Paranomus candicans
- Conservation status: Least Concern (IUCN 3.1)

Scientific classification
- Kingdom: Plantae
- Clade: Tracheophytes
- Clade: Angiosperms
- Clade: Eudicots
- Order: Proteales
- Family: Proteaceae
- Genus: Paranomus
- Species: P. candicans
- Binomial name: Paranomus candicans (Thunb.) Kuntze
- Synonyms: Nivenia candicans Roem. & Schult. ; Nivenia mollissima R.Br. ; Paranomus argenteus Knight ; Paranomus mollissimus (R.Br.) Kuntze ; Protea candicans Thunb. ; Protea mollissima (R.Br.) Poir. ; Serruria albicans Roem. & Schult. ;

= Paranomus candicans =

- Genus: Paranomus
- Species: candicans
- Authority: (Thunb.) Kuntze
- Conservation status: LC

Species of flowering plant

Paranomus candicans, the powder sceptre, is a flower-bearing shrub that belongs to the genus Paranomus and forms part of the fynbos.
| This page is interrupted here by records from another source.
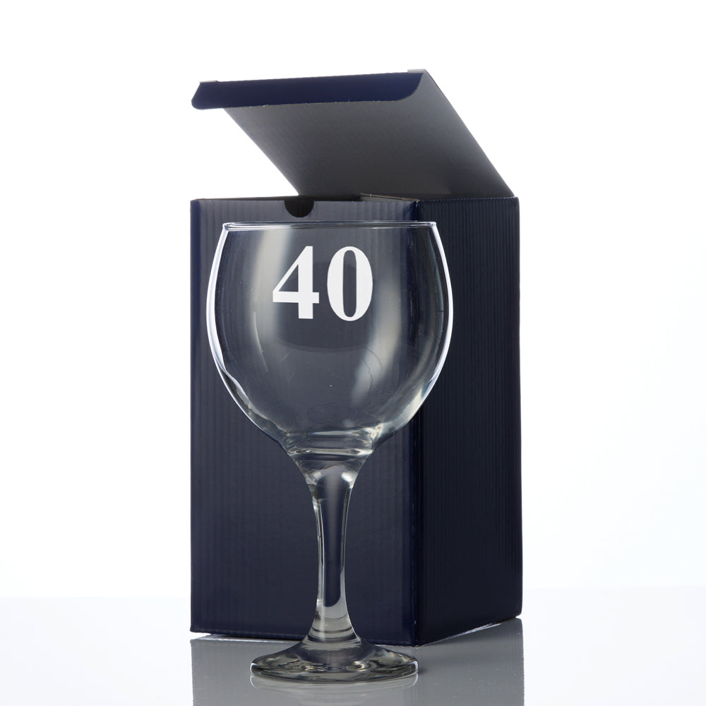 Our collection of bespoke gin cocktail glasses includes this long stem glass that can be personalised as you like. A perfect gift for someone’s 40th birthday, you can ask to add the recipient’s name and a small, cute sentiment on this glass. These gin cocktail glasses are the perfect size for people who love drinking and have a volume of 696ml. They are engraved using a laser inscription technique, which enhances the delicateness of these glasses. In addition, we ship all our glasses in lovely gift boxes that can be given directly to the recipient. So why not make that 40th landmark Birthday ever so special and celebratory.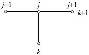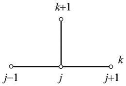 Рисунок 3 - Шаблон неявной конечно-разностной схемы для уравнения теплопроводности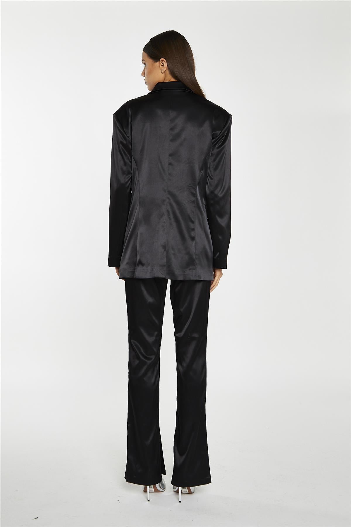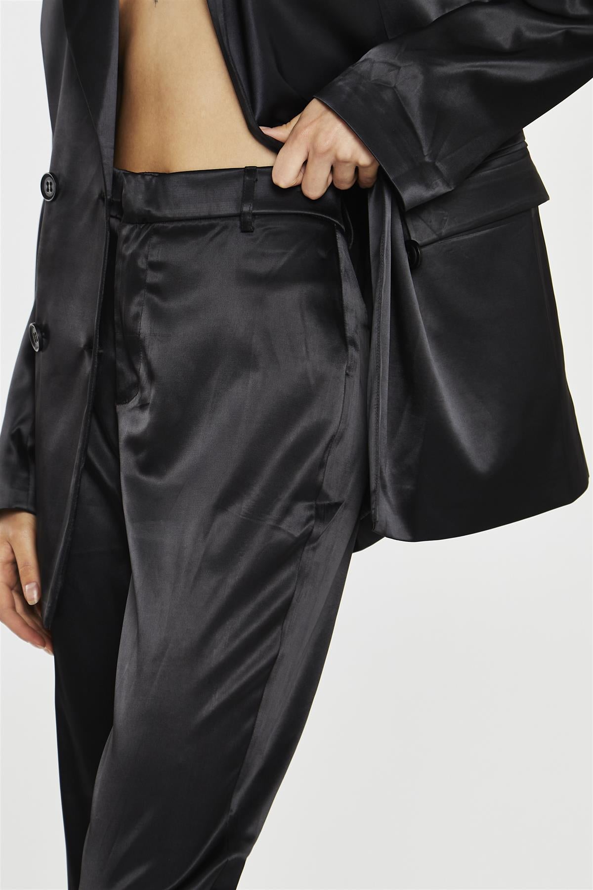 Glamorous Women's Black Satin High Waisted Wide Leg Trousers. Smooth sophistication flows effortlessly in these black satin high waisted wide leg trousers, offering a relaxed, leg-lengthening silhouette that supports your confidence with one easy pull-on while draping beautifully over any body shape. High waisted design sits comfortably at your natural waist, providing gentle tummy control and a flattering anchor that balances your proportions for an instant elongated look without restrictive digging. Wide leg sweeps dramatically from hip to hem, creating airy movement that feels freeing and non-constricting, perfect for striding through your day with poise or lounging in style. Satin finish glides softly against your skin with a subtle sheen that catches light gently, adding quiet luxury to simple tops while keeping everything breathable and low-maintenance. Style with a cropped cardigan, V-neck jumpsuit topper, or square neck mini to let the high waisted shape, wide leg flow, and satin texture quietly elevate your everyday vibe into something effortlessly chic.

The plant is native to the Western Cape, South Africa.

==Description==
The shrub grows up to 2 m tall and flowers mainly from June to November. Fire destroys the plant but the seeds survive. The plant is bisexual and pollinated by insects. The fruit ripens, two months after flowering, and the seeds fall to the ground where they are spread by ants.

In Afrikaans, it is known as poeiersepter.

==Distribution and habitat==
The plant occurs in the Hex River Mountains up to the Langeberg. The plant grows in sandstone soil at altitudes of 600–2000 m.